| Dataset content |
================================
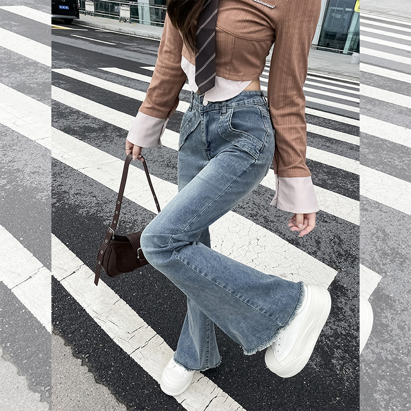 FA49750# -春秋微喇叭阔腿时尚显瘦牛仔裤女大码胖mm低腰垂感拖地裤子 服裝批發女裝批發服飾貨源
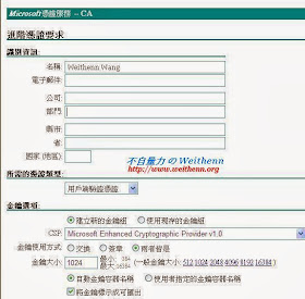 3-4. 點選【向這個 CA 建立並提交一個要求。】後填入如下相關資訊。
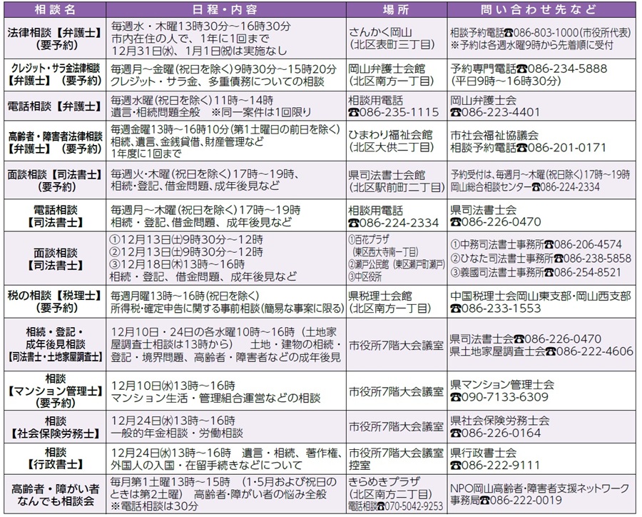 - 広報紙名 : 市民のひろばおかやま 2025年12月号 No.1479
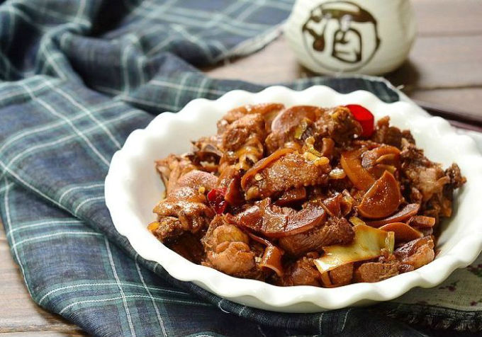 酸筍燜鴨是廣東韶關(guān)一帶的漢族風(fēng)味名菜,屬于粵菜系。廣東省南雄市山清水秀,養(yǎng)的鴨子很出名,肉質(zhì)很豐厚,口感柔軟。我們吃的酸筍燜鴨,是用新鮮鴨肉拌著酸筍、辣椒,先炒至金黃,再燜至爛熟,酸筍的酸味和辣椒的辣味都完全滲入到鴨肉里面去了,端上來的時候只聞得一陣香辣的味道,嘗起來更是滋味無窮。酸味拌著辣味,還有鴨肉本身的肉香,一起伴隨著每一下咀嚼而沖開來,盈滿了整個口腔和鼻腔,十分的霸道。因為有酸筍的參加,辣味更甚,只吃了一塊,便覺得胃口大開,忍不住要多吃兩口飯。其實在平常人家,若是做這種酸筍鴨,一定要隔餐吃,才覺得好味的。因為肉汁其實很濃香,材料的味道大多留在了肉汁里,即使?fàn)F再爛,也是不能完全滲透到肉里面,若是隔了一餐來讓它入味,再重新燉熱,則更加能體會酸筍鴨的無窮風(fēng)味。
================================
| Exercise goal |
Once the pictures are set aside, repeat the data above exactly.

| Reply |
 FA49750# -春秋微喇叭阔腿时尚显瘦牛仔裤女大码胖mm低腰垂感拖地裤子 服裝批發女裝批發服飾貨源
 3-4. 點選【向這個 CA 建立並提交一個要求。】後填入如下相關資訊。
 - 広報紙名 : 市民のひろばおかやま 2025年12月号 No.1479
 酸筍燜鴨是廣東韶關(guān)一帶的漢族風(fēng)味名菜,屬于粵菜系。廣東省南雄市山清水秀,養(yǎng)的鴨子很出名,肉質(zhì)很豐厚,口感柔軟。我們吃的酸筍燜鴨,是用新鮮鴨肉拌著酸筍、辣椒,先炒至金黃,再燜至爛熟,酸筍的酸味和辣椒的辣味都完全滲入到鴨肉里面去了,端上來的時候只聞得一陣香辣的味道,嘗起來更是滋味無窮。酸味拌著辣味,還有鴨肉本身的肉香,一起伴隨著每一下咀嚼而沖開來,盈滿了整個口腔和鼻腔,十分的霸道。因為有酸筍的參加,辣味更甚,只吃了一塊,便覺得胃口大開,忍不住要多吃兩口飯。其實在平常人家,若是做這種酸筍鴨,一定要隔餐吃,才覺得好味的。因為肉汁其實很濃香,材料的味道大多留在了肉汁里,即使?fàn)F再爛,也是不能完全滲透到肉里面,若是隔了一餐來讓它入味,再重新燉熱,則更加能體會酸筍鴨的無窮風(fēng)味。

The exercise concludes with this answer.